Coal faces mounting challenges

Wyoming may be one of the richest states in the Union but its main source of wealth, coal production, faces mounting environmental, economic and logistical challenges. Shrinking and extremely competitive markets for thermal coal, Wyoming’s economic boom, have made it necessary for Wyoming’s government to set up and fund a program, Economic Diversity Options Needed for Wyoming or ENDOW, that will research and develop strategies to keep Wyoming’s income and budget stable. Mineral resources, especially coal, will continue to play a role in Wyoming’s economy but to what degree remains uncertain.

“I wouldn’t understate coal’s value to Wyoming,” UW Center for Energy Economics & Public Policy Director, Professor Rob Godby, said.

Wyoming has access to the cheapest coal in the nation for electricity but the market flooded with natural gas which substitutes for coal in electricity production.
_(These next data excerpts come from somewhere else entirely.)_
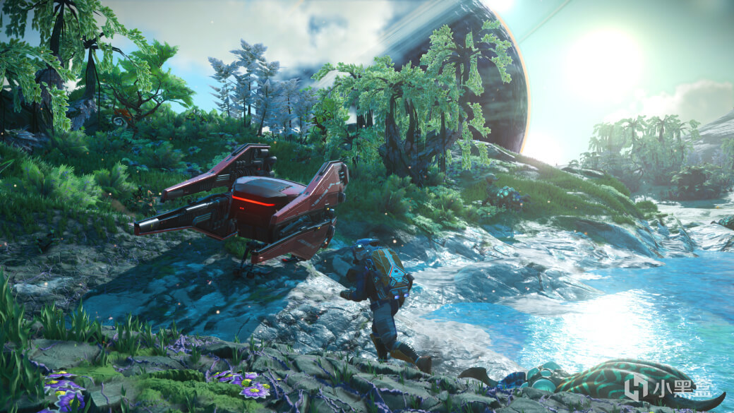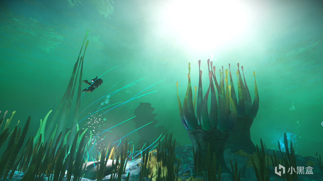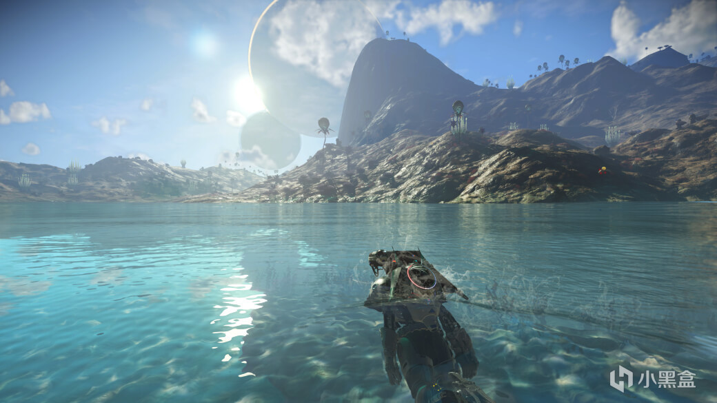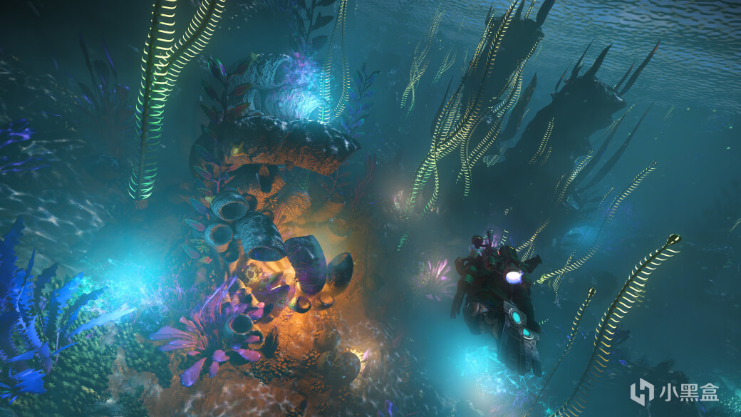 现在,水面的保真度要高得多。云、星云和其他行星现在被反射,并且地形反射已通过精确的照明和雾化得到改进。次表面散射已得到增强,当太阳光擦过波峰时,会产生壮观的光芒。泡沫的多样性也有所增加,一些行星上出现了发光泡沫。
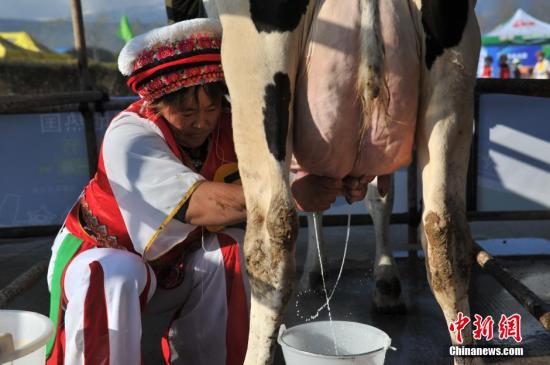 資料圖:奶農(nóng)擠牛奶。中新社發(fā) 任東 攝
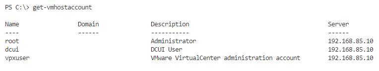 You can use PowerCLI to list the local VMware ESXi local user accounts:
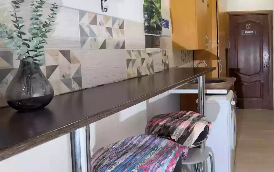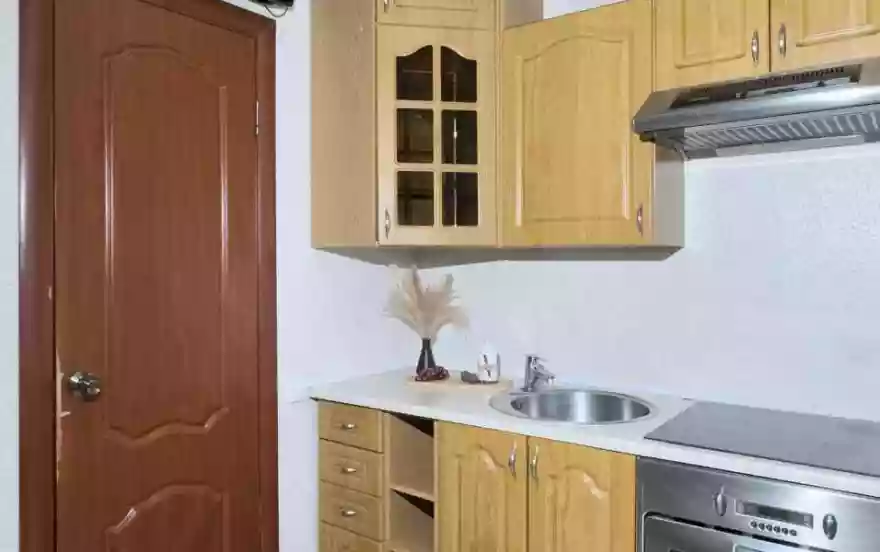 - Кухня оборудована техникой и посудой.
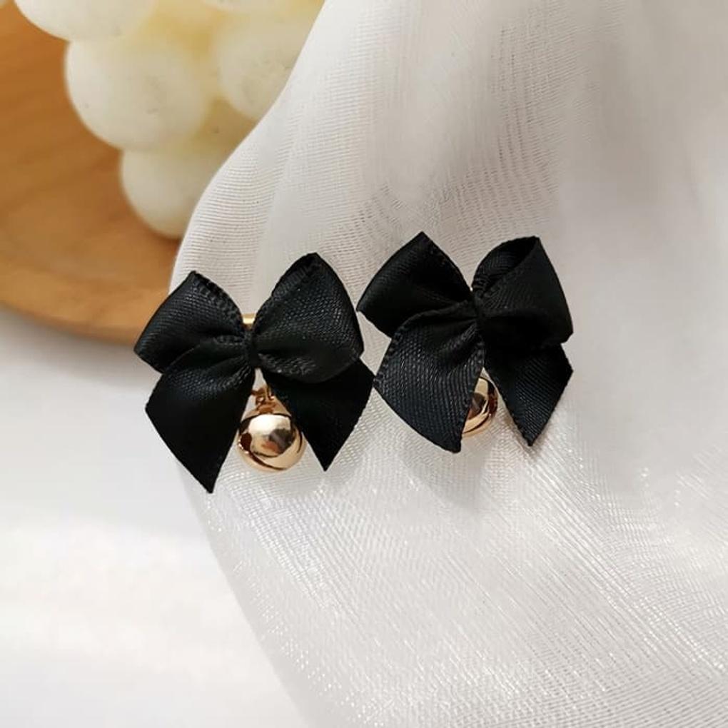 Silver Needle Earrings, Chain, Daily Bell Ribbon
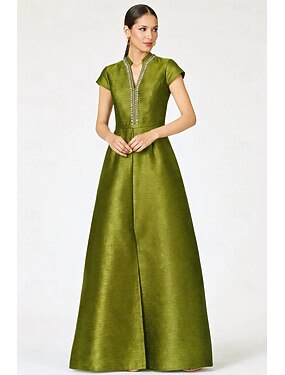 Футляр В пол Вышивка бисером Вечернее платье Платье матери невесты Выпускные платья Вечернее платье С пышной юбкой Торжественное платье Элегантный стиль Винтаж Блестящая С короткими рукавами
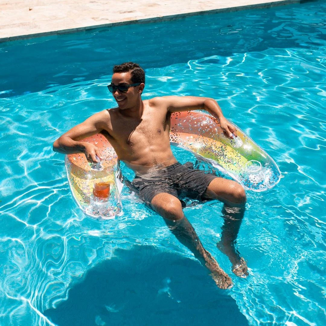 This Rainbow Collection Party Pack includes a Deluxe Sun Chair float and a Jumbo Pool Noodle. Both are filled with holographic glitter that changes color in the sun, and highlights the beautiful ombre rainbow print inside. Fill your pool with all the colors of the rainbow!
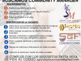 SE REQUIERE COMMUNITY MANAGER, con disponibilidad inmediata. Experiencia mínima de 2 años: licenciatura en comunicación, diseño gráfico o ramas afines, edad de 25 años a 35 años. Debe tener amplio conocimiento en plataformas tecnológicas tales como Facebook, Instagram, Google, etc. Debe generar contenido creativos por redes sociales, excelente redacción ortografía y carisma. Manejo de métricas e indicadores en redes sociales. REFERENCIAS 71790427, sgfyconstrucciones@gmail.com
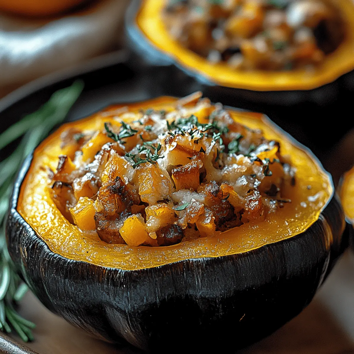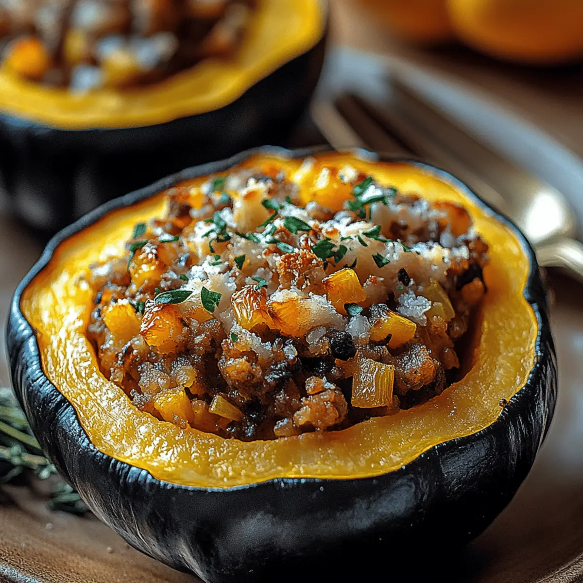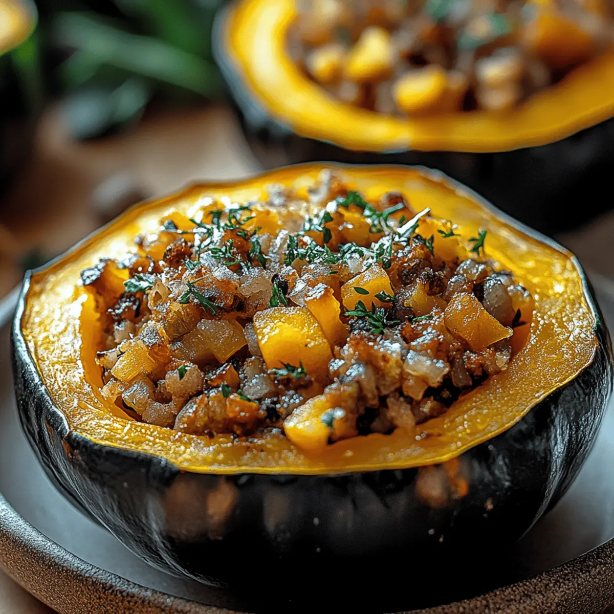 Every year, as we welcome the crispness of fall, my kitchen transforms into a haven of cozy recipes and warm aromas. That’s when I rediscover the beauty of Stuffed Acorn Squash. This dish captures the heart of the season with its inviting golden-brown exterior and a filling that’s as versatile as your imagination. Whether you prefer a savory meat-based option or a hearty vegetarian blend, this recipe delivers not just on flavor but also on nutrition, being perfect for those who crave wholesome meals. On busy weeknights, these stuffed squashes let me serve a satisfying, gluten-free dinner in a snap while impressing friends and family alike. Curious to see how you can customize this dish to fit your tastes? Let’s dive into the delicious details! Why Try Stuffed Acorn Squash? Nutritious and Wholesome: Packed with vitamins A and C, this dish is not only delicious but also a healthy option for anyone looking to nourish their body. Customizable to Your Taste: Whether you’re a fan of savory meat or delicious plant-based proteins, the filling options are endless and cater to every diet. Quick Weeknight Meal: Ready in less than an hour, this cozy dish saves time while delivering that homemade goodness you crave. Crowd-Pleasing Presentation: The vibrant colors and golden-brown edges make for an impressive centerpiece at gatherings, sure to wow your guests! Perfectly Balanced Flavors: Each bite combines sweet and savory, giving you a warm hug of flavor that’s perfect for autumn evenings. Dive deeper into the ease of cooking with seasonal ingredients and explore more suggestions for your dinner table! Stuffed Acorn Squash Ingredients For the Squash • Acorn Squash – The star of the dish; choose medium-sized for uniform roasting. • Olive Oil – Enhances flavor and moisture; melted butter or avocado oil can also work well. For the Filling • Onions – Adds a touch of sweetness and depth; shallots can be used for a milder taste. • Garlic – Infuses the filling with aromatic goodness; fresh is best, but powdered can substitute. • Ground Meat/Plant-Based Protein – Essential for protein; options include turkey, chicken, or lentils for a vegetarian twist. • Cooked Grains (e.g., quinoa, rice) – Adds bulk and fiber; couscous or barley are great alternatives. • Nuts/Seeds/Dried Fruit – Enhance texture and flavor; consider walnuts, pecans, or cranberries—omit if allergies are a concern. • Spices/Herbs – Elevate the taste; thyme, sage, or cumin work wonderfully in this stuffed acorn squash. For the Topping • Cheese (optional) – Contributes richness; shredded cheddar or a vegan cheese alternative can enrich the dish for dairy-free options. This Stuffed Acorn Squash recipe invites creativity and can be adjusted to suit your taste buds and dietary needs. Your cozy and customizable dinner awaits! Step‑by‑Step Instructions for Stuffed Acorn Squash Step 1: Preheat the Oven Begin by preheating your oven to 400°F (200°C). This step is crucial to ensure your Stuffed Acorn Squash achieves the perfect roasting temperature. While the oven warms up, gather your acorn squash and prepare for slicing. Step 2: Prepare the Acorn Squash Carefully slice the acorn squash in half from stem to bottom. Use a spoon to scoop out the seeds, creating a hollow space for the filling. Brush the cut sides with olive oil and season lightly with salt and pepper. Place the squash halves cut-side down on a baking sheet and roast them for 30-40 minutes or until they are tender and slightly caramelized. Step 3: Sauté the Vegetables While the squash roasts, heat 2 tablespoons of olive oil in a skillet over medium heat. Add diced onions and minced garlic, sautéing for about 5-7 minutes until they are soft and fragrant. Stir occasionally to prevent browning, and enjoy the warm aromas filling your kitchen while continuing with the Stuffed Acorn Squash preparation. Step 4: Cook the Filling Add your choice of ground meat or plant-based protein to the skillet with onions and garlic. Cook until the protein is fully browned, breaking it into small crumbles, which should take about 7-10 minutes. Once cooked, introduce your cooked grains, nuts, seeds, or dried fruit, along with chosen spices and herbs. Stir well and let the mixture simmer for an additional 2-3 minutes to meld the flavors beautifully. Step 5: Fill the Squash After roasting, carefully flip the acorn squash halves cut-side up on the baking sheet. Generously spoon the filling mixture into each half, packing it well. If desired, sprinkle shredded cheese on top for an extra touch of richness. This filling not only enhances the flavor but also adds visual appeal to the Stuffed Acorn Squash. Step 6: Bake Again Set the oven temperature to 375°F (190°C) and return the stuffed squash to the oven. Bake for an additional 15 minutes or until the cheese is melted and bubbly, creating a golden crust on top. These final minutes elevate the dish, infusing your space with delightful cooking scents. Step 7: Serve and Enjoy Once baked, allow the Stuffed Acorn Squash to cool for a few minutes before serving. Garnish with fresh herbs like parsley or cilantro for an extra pop of color and flavor. This warm, hearty dish is now ready to impress your family or guests with its cozy presentation and nourishing ingredients! How to Store and Freeze Stuffed Acorn Squash Fridge: Store leftover stuffed acorn squash in an airtight container for up to 3 days. This way, you can easily enjoy the cozy dish again without losing flavor or texture. Freezer: For longer storage, freeze the filling separately from the squash halves. Wrap the squash tightly in plastic wrap and place in a freezer bag; it can last for up to 3 months. Reheating: To reheat, thaw in the fridge overnight, then warm in the oven at 350°F (175°C) for about 20-25 minutes, ensuring the stuffed acorn squash is heated through without drying out. Room Temperature: Avoid leaving stuffed acorn squash at room tempera

Coal met 50 percent of that power demand a decade ago. Now coal accounts for approximately 30 percent of electricity production, mirroring the high production of natural gas, Godby said.

The Wyoming Mining Association advocates on behalf of the entire Wyoming mining industry and places special emphasis on creating a coherent understanding of Wyoming’s dynamic relationship to coal production.

“The number one use for our coal is power production so what we really need are new coal fired power plants,” Wyoming Mining Association Executive Director, Travis Deti, said. “However, we probably won’t get back to where production was a decade ago anytime soon, maybe never in my opinion.”

ENDOW Support Staff member and Director of Economic Diversification Strategy and Initiatives for the Office of Governor Mead, Jerimiah Rieman, said, “Our data points out opportunities in numerous industrial sectors including financial, insurance, real estate, manufacturing and healthcare. Our biggest focus is on retaining our workforce which means an appropriate educational system that will prepare our young residents to be our greatest resource going forward.”

The coal industry is taking measures to stay legitimate in an increasingly difficult market. Emergent technologies and an evolving marketplace have created graphene production, captured carbon dioxide and prospective use in “ultra-critical” high-efficiency coal/steam power plants under development in Japan.

“The U.S. is primed to build and complete massive natural gas terminals,” Godby said. “The logistics of getting Wyoming coal to Asian markets rests on Canadian export terminals limited to 20 million tons of coal but typically less.”

Twenty million tons of coal per year is small compared to the 460 million tons Wyoming produced in 2008. Proposed but stalled Millennium Bulk Export Terminal and Gateway Pacific Terminal would have allowed only just around 100 million more tons to ship but have encountered political, environmental and economic roadblocks.

“We do look for partnerships with UW for some studies on emergent coal uses,” Deti said. “Big kudos to Governor Mead for embracing these realities and the need for innovation in the mining industry.”

Specialization and diversification are common themes among all perspectives discussing the legitimacy of coal use and production. Narrowed focus in market strategy inherently adds some new risks while eliminating others.

“The cost and risks associated with coal are really prohibitive when Arch Coal and two of the other largest coal companies go bankrupt in the last three years,” Godby said. “It’s not a matter of production but rather these companies chose to make huge investments in metallurgic coal, the Chinese market and on Chinese infrastructure but in the end the coal came from other markets.”

These investments in export markets can be risky.

“Betting on export markets is risky for American markets,” Godby said. “If we committed to expensive technologies for the recovery and transport of natural gas we would be dominant.”

Wyoming is aware of the economic problem ahead due to the changing coal markets. However, Wyoming’s leaders, executive and legislative, are taking economic diversification and preparedness to the next step through ENDOW.

ENDOW is a program created by Governor Matt Mead and the Wyoming Legislature focusing on new emerging industries that can support Wyoming and a job market to retain Wyoming’s disappearing graduates and young highly-skilled workers.

“Right now, you have a situation where 60 percent of 18 to 25 year olds with a high school diploma or greater won’t be working in Wyoming 10 years from now,” Rieman said. “We’re just shipping out our most valuable resource, our youth, without any return.”